■ RECORDS PROVIDED
- - -

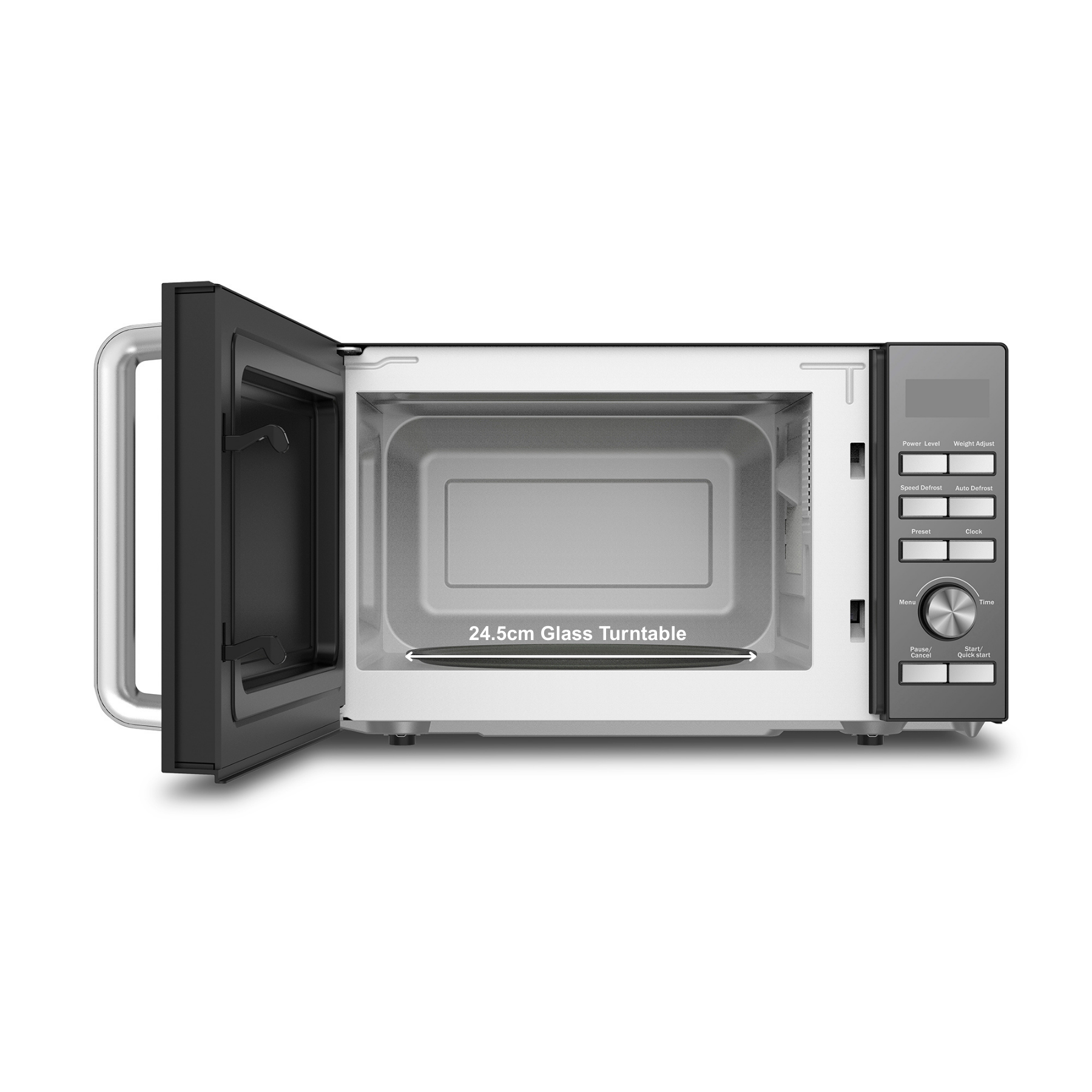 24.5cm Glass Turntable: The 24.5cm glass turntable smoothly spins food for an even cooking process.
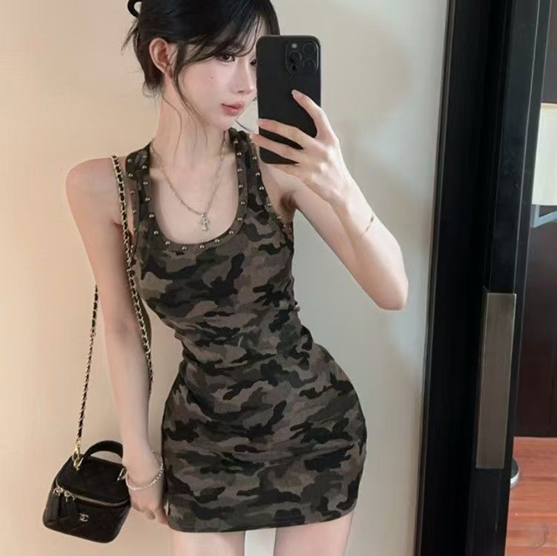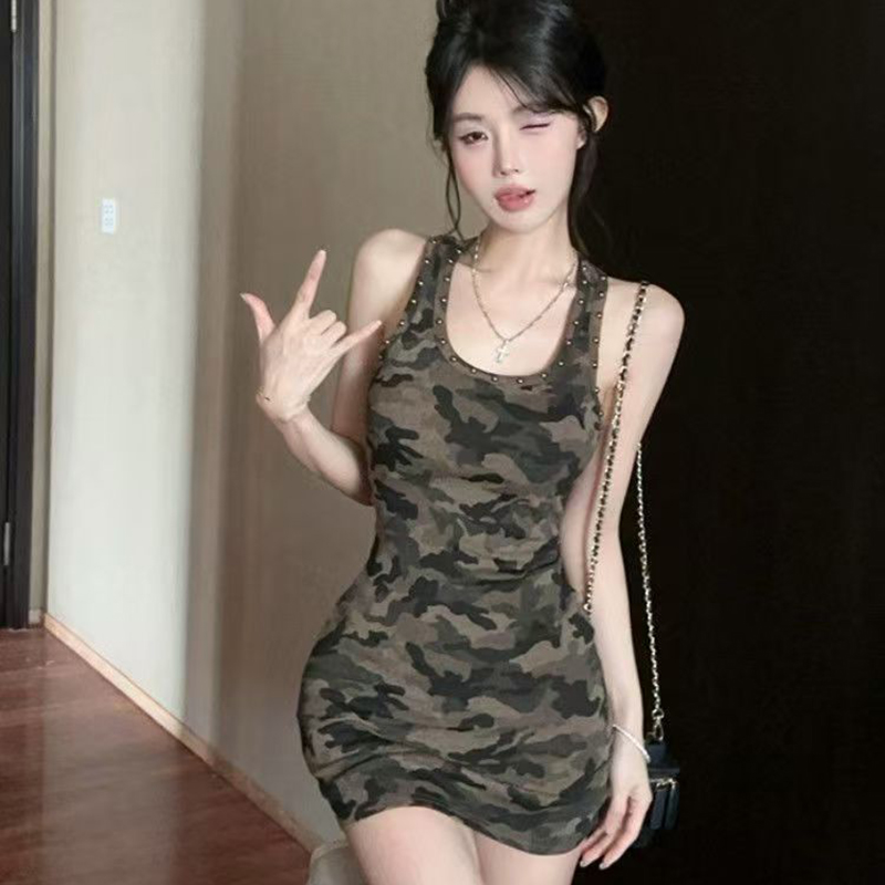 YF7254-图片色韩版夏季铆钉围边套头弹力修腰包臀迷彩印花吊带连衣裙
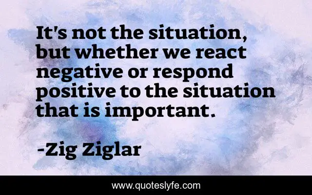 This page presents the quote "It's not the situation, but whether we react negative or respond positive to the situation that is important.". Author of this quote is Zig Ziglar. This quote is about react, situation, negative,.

- - -

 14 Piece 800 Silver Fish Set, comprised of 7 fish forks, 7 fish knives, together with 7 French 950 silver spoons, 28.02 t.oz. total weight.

- - -

■ TRY IT
Beginning with the line above that contains "YF7254-图片色韩版夏季铆钉围边套头弹力修腰包臀迷彩印花吊带连衣裙" and ending with the line that contains "This page presents", quote each line exactly, keeping out the pictures.

■ EXERCISE RESPONSE
 YF7254-图片色韩版夏季铆钉围边套头弹力修腰包臀迷彩印花吊带连衣裙
 This page presents the quote "It's not the situation, but whether we react negative or respond positive to the situation that is important.". Author of this quote is Zig Ziglar. This quote is about react, situation, negative,.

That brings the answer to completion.